Combatting Top Sunscreen Myths
|| Written by Cole Cornejo ||
Summer is here, and despite all of the rainy days Colorado has had lately, there still is a need for everyone to brush up on their sunscreen knowledge. I see a lot of clients with sun damage in my practice and often times they are confused about sunscreen. So in the name of great skin, let’s break down the most common sunscreen myths one by one!
Myth Number One: You Only Need Sunscreen When the Sun is Shining
When talking matters of ageing and keeping your skin looking its best throughout the years, a good sunscreen, when applied every day, is the best way to slow down ageing. Only applying when you’re out in the sun or having SPF in your makeup is simply not good enough. Makeup products containing SPF usually only protect against UVB rays and not UVA (the type of rays that are responsible for premature visible aging). Also, when applying makeup you are most likely not getting your neck, chest and ears. Personally, I would prefer if my clients applied an SPF 15 product daily rather than an SPF 50 only when they are outside. I love my clients that use both!
Myth Number Two: Using Sunscreen Leads to Vitamin D Deficiencies
You may have heard that your body needs a little bit of direct sunlight without sunscreen to produce Vitamin D. The good news is your body can naturally produce Vitamin D even when you’re wearing sunscreen. Old studies which disputed this did not take in to consideration things like different kinds and amounts of sunscreen used. These studies also relied on artificial light rather than sunlight and failed to measure UV exposure.
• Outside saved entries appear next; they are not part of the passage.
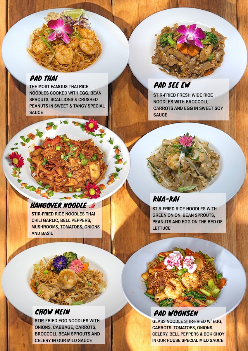 Most famous Thai rice noodles cooked with egg, bean sprouts, scallions and crushed peanuts in sweet and tangy special sauce.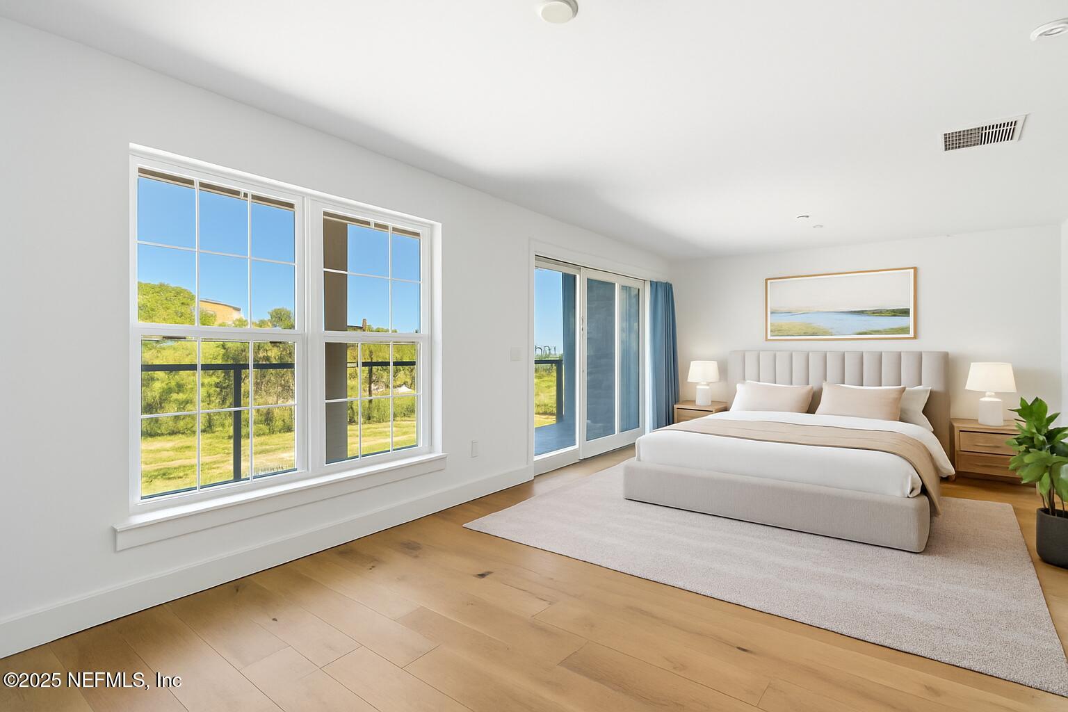 On the second floor, the spacious primary suite is its own retreat, offering a spa-inspired oversized bath, a large walk-in closet, and a private covered balcony with peaceful water views. Two additional bedrooms and a full bath complete this level.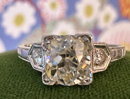 Antique 17k Old Cushion Cut Diamond ring

New studies have found that your body produces a slightly higher amount of Vitamin D while not wearing sunscreen, but not enough to counter the increased risk of skin cancer.
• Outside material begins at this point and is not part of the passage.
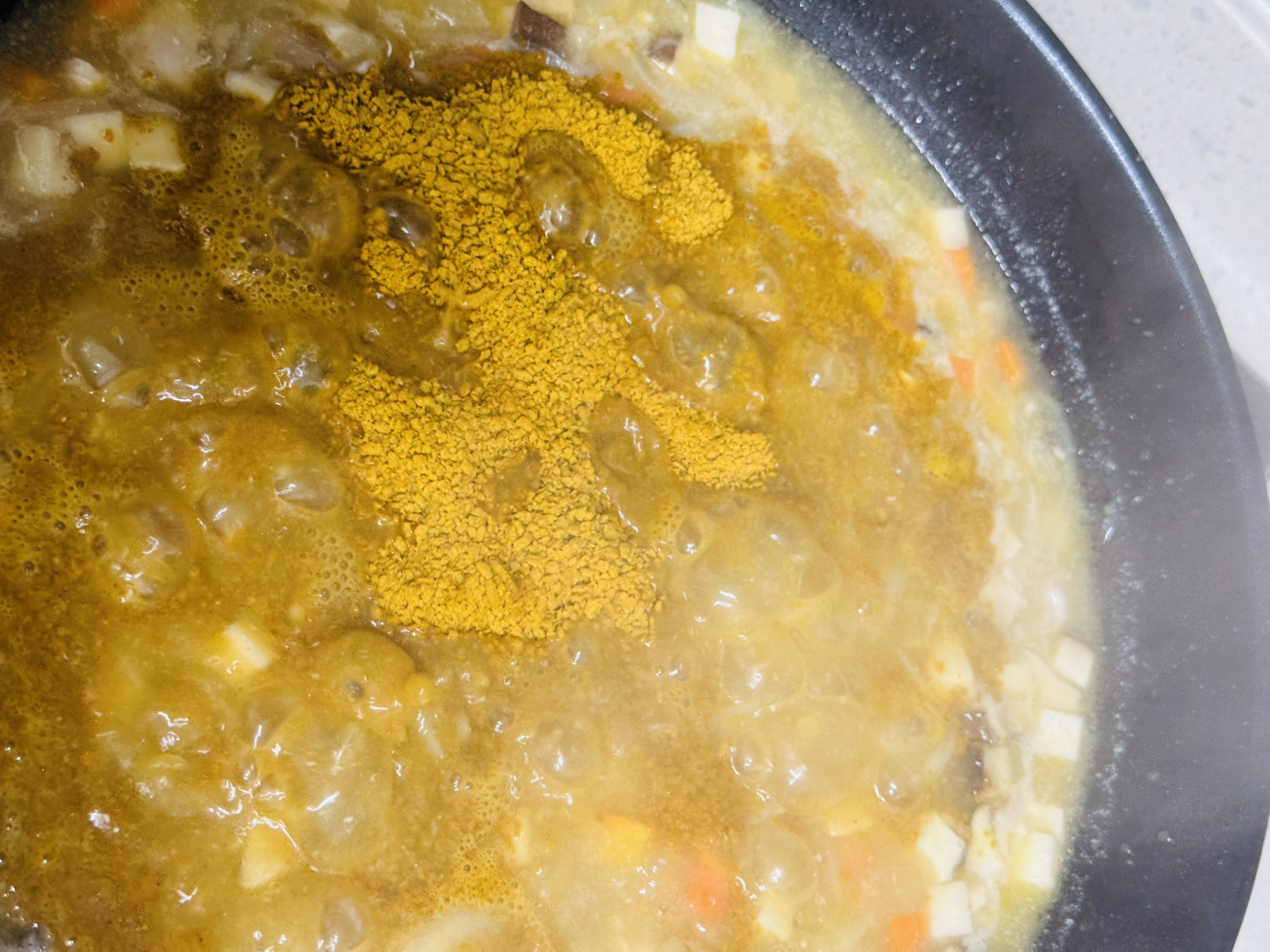 물이 끓으면 카레 가루 넣어 잘 휘져어가며 끓여주세요.

Myth Number Three: Sunscreen Causes Cancer
Concerns of sunscreen causing cancer are linked to studies where titanium dioxide was injected, rather than applied topically to the skin, as you would sunscreen. Also, the molecule formulation linked with these studies is much different than those that you find in sunscreens. The bigger fear should be skin cancer. One in three cancers diagnosed worldwide is skin cancer, according to the American Cancer Society. Up to 95% of malignant (cancerous) melanomas are caused by excessive sun damage, which can be combatted with a good sunscreen. Remember to follow application directions, like applying 30 minutes before you leave the house and reapplication instructions. Look for sunscreens with ingredients like zinc oxide and titanium dioxide, which ensure that you are protected against both UVA and UVB rays, as well as ingredients like tocopherol (Vitamin E) and resveratrol which are antioxidants to give the skin extra protection against free-radical damage. A couple of my favorite sunscreens are IS Clinicals SPF 50 and Eminences Tropical Vanilla SPF 30.
You can gain or lose weight, you can dye or cut your hair, buy new clothes to change your appearance, but the skin that you see in the mirror is the skin you have for the rest of your life. Take care of it and treat it well. You’ll thank yourself later!